# V E Day Tribute - Zolene



## Gretchibald (Jul 22, 2011)

A very young Zolene - be kind.


----------



## dghr272 (Jun 14, 2012)

What’s not to like ?
Absolutely brill.

Terry


----------



## Gretchibald (Jul 22, 2011)

dghr 272 , wondering if you were in this show as most of the Living History people dressed up in army uniforms etc were all from your neck of the woods, Carrickfergus.


----------



## dghr272 (Jun 14, 2012)

Afraid not, they are a great local re-enactment group that bring history to life.

http://kragfergus-lhg.co.uk/

Terry


----------



## nicholsong (May 26, 2009)

Zolene is good but the sound system did not do her justice on that occasion. Your systems are better.


----------



## barryd (May 9, 2008)

Fantastic performance. Its a live performance in a theatre some time ago Geoff recorded presumably on a camcorder of some description, not something done these days and recorded digitally. 

Recording quality Audio even now in a live theatre is hard without proper gear.

How old was she there Alan?


----------



## Gretchibald (Jul 22, 2011)

Yes , you are correct Barry, Jayne recorded this sitting at the back of the theatre with a Sony Handycam.

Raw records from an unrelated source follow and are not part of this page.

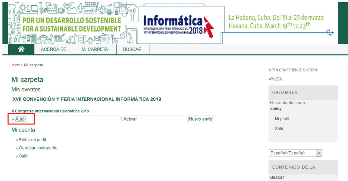
Figura 8. Vista del autor.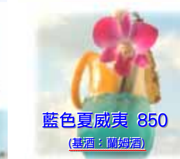
藍色夏威夷 850 (基酒: 蘭姆酒)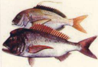
Dentex gibbosus PARGO - SAMA DE PLUMA 35 cm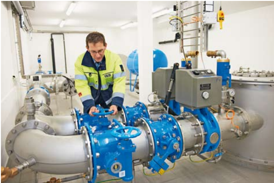
Der Brunnenmeister im Pumpenhaus Badschachen.

Das planmässig fertiggestellte Bauwerk stellt zusammen mit dem Grundwasserpumpwerk Vorhard und dem Quellwasserpumpwerk Brunnenmühle die langfristige und nachhaltige Trinkwasserversorgung der Stadt Brugg und der Partnergemeinden sicher.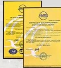
ISO 9001/ISO 13485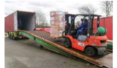
La Fondation et Wereld Missie Hulp, un partenariat unique 3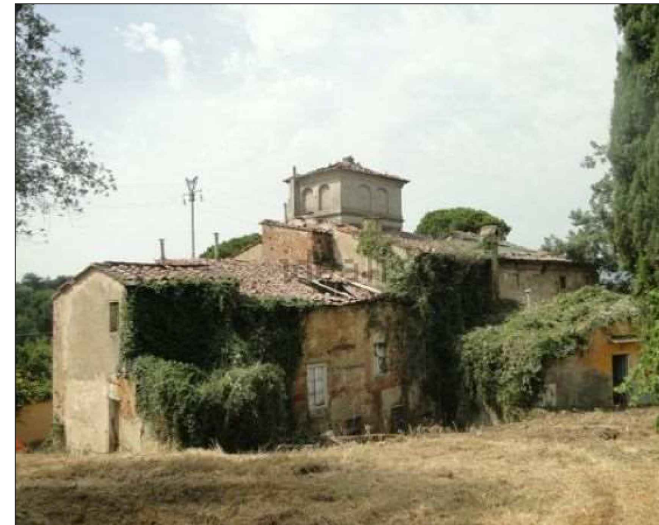
FOTO STATO ATTUALE

You are also correct Geoff . Zolene is not singing through the theatre system , it was broken , so it's a backing track through my laptop into a 600watt .p.a. and out to two Bose 802 speakers hid behind the curtain , where Ziqh is stood trying his best to set volumes for all in the theatre to hear plus Zolene's voice had not quite matured yet. The first half was a bits of war reenactment and some poetry reading and then Zolene wound it off with that song . The second half was all us and the songs from the war years , I thought it was pretty good overall. There was a BBC camera crew in the audience wish I could get their footage.


----------



## patp (Apr 30, 2007)

A beautiful voice and stage presence too!


----------



## Gretchibald (Jul 22, 2011)

barryd
How old was she there Alan?[/QUOTE said:


> Sorry forgot to say , this was filmed in 2009 so Zolene was 15. She was so nervous , never having done anything like this before other than school plays . It's only a small theatre in our home town, only holds about 250 , but it was packed out and the BBC were filming because it was a War memorial thing. You can hear it in her voice, that was her first song of the evening, but she got into it after that and the rest of the songs were better.


----------



## barryd (May 9, 2008)

The nerves dont come across in the video to me. Yes she looks frightened at the start but I assumed that was part of the act before the singing began. At 15, its an amazing thing to have got up and done on your own.


----------



## jiwawa (Jun 22, 2007)

I'm a bit late to the party but that's a lovely memory to have!


----------